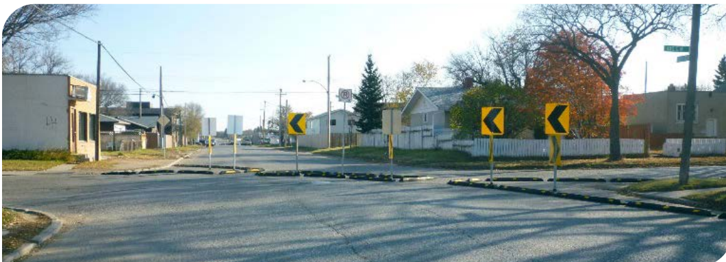
Figure 5.15 Avenue C and 38th Street - Temporary Device (Mayfair Neighbourhood)

The purpose of a diverter is to obstruct shortcutting or through traffic.
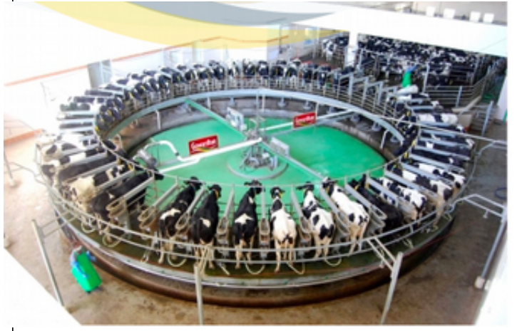
Bhagyalaxmi dairy farm – India's first CAFO (Source: Gowardhan, 2016).

Recently there is also a growth in mega milk factories based on the concentrated animal feeding operation (CAFO) model by foreign investors who need to tie up with local companies in order to directly produce milk. Most of these Indian companies come from unrelated sectors like mining or real estate (Bhosale, 2010). This dairy boom in India is based on the organized sector vying to capture the massive unorganized milk sector of the country—70% of the total dairy sector falls out of
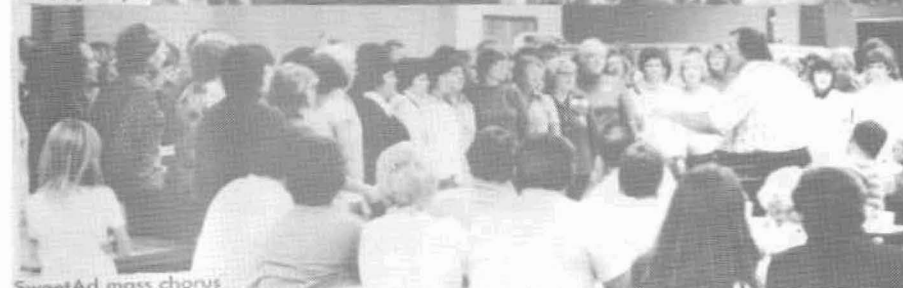
SweetAd mass chorus
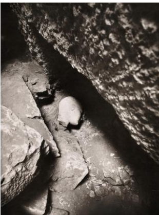
„Reserve Head“ (now in Vienna) in situ in the tomb where it was found 1914
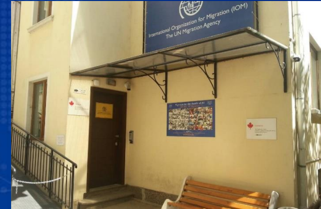
IOM office Sofia
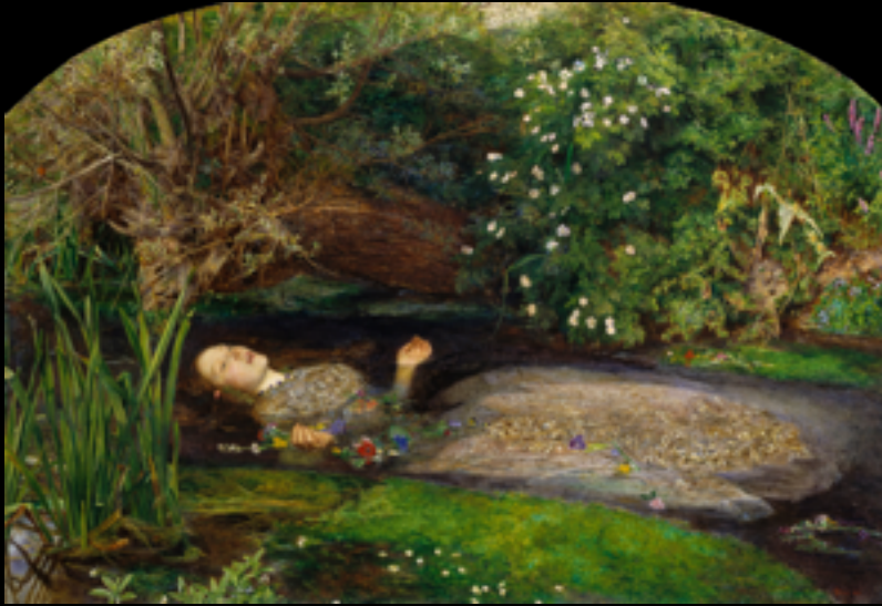
beauty, love and death: english and italian literature
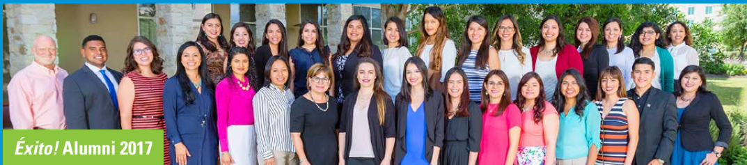
Éxito! Alumni 2017
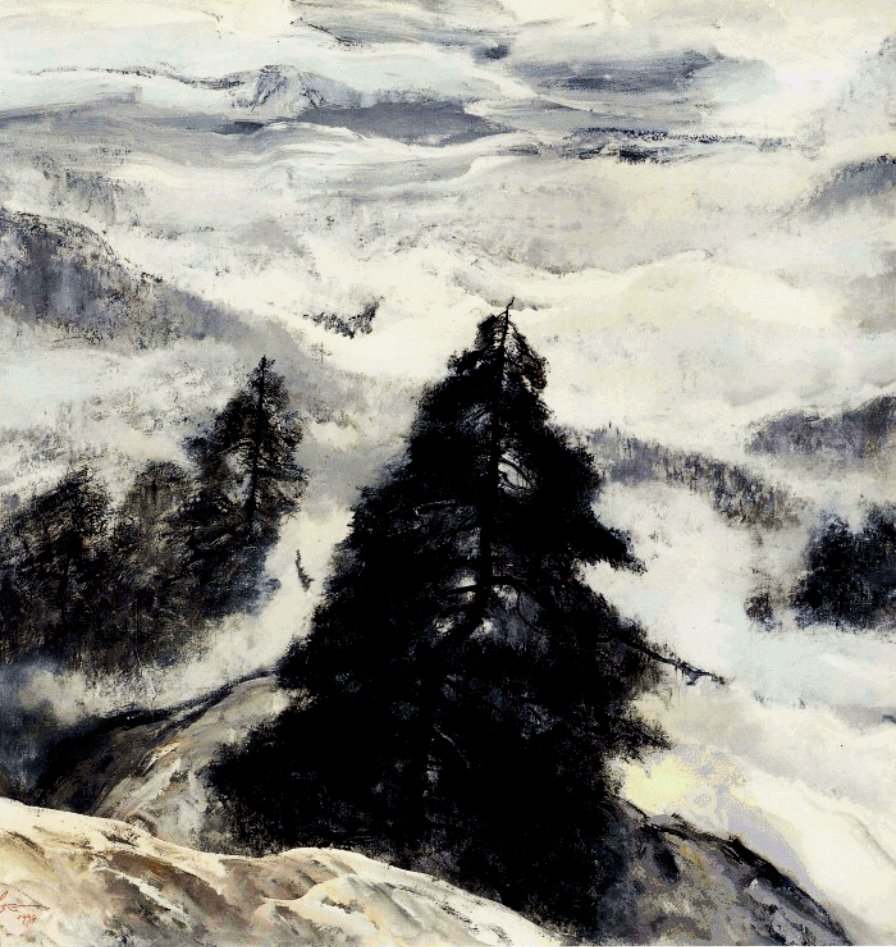
■ 雨雪松云 Pine clouds in rain and snow
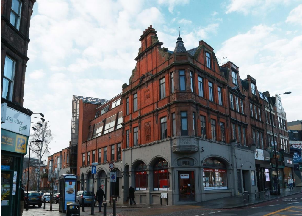
Existing view from Finchley Road

The revised application proposals have taken on board these points. The following images illustrate the existing and proposed development scheme:
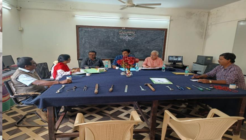
Selection Committee for 34 th ITI batch training, Interviews were conducted by GC members & NABK staff
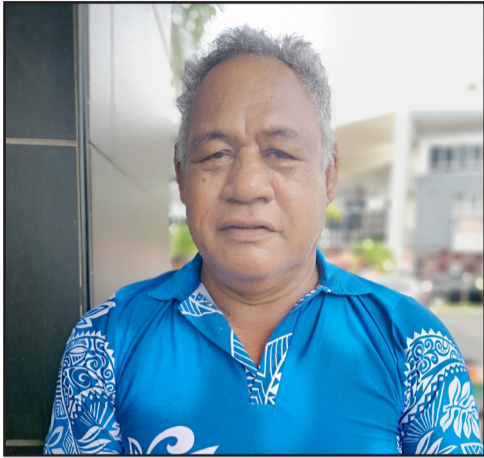
Ioapo Pisa 67 tausaga o Sa'anapu

Peita'i o le a fa'aāogaina fa'afiafiaga o Teuila o tausaga ua mavae, e tu'ufa'atasia ai polokalame mo le fa'amanatuina o le Teuila o lenei tausaga ma fa'asalalauina i luga o televise ma leitio e fa'aāogaina ai aua-la o feso'ota'iga fa'aneionapo (Digital).
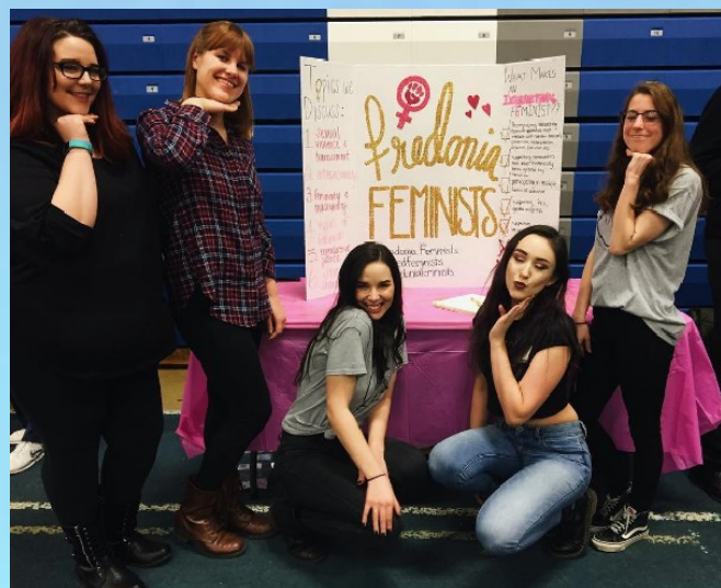
Fredonia Feminists staying fierce as ever.
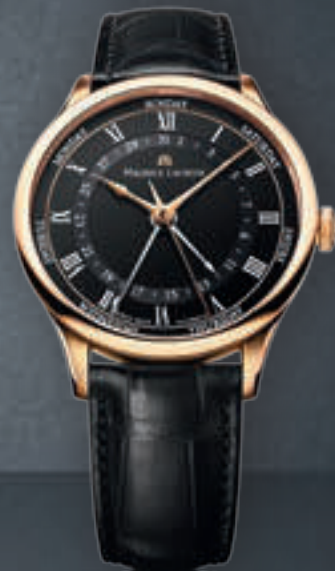
N°42.3 5 AIGUILLES MP6507-PG101-310 Automatic movement, Ø 40 mm 18k pink gold case. Limited Edition 88 pcs.
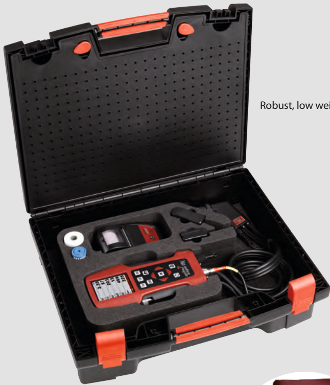
Robust, low weight case
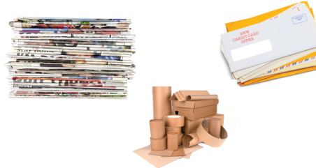
Newspaper | Magazines | Office Paper Paperboard

_EXERCISE AIM_
The copy must begin at the line containing "N°42.3 5 AIGUILLES" and end at the last line of the data above, with every line retyped exactly and no pictures included.

_RESULT OF THIS TASK_
N°42.3 5 AIGUILLES MP6507-PG101-310 Automatic movement, Ø 40 mm 18k pink gold case. Limited Edition 88 pcs.
Robust, low weight case
Newspaper | Magazines | Office Paper Paperboard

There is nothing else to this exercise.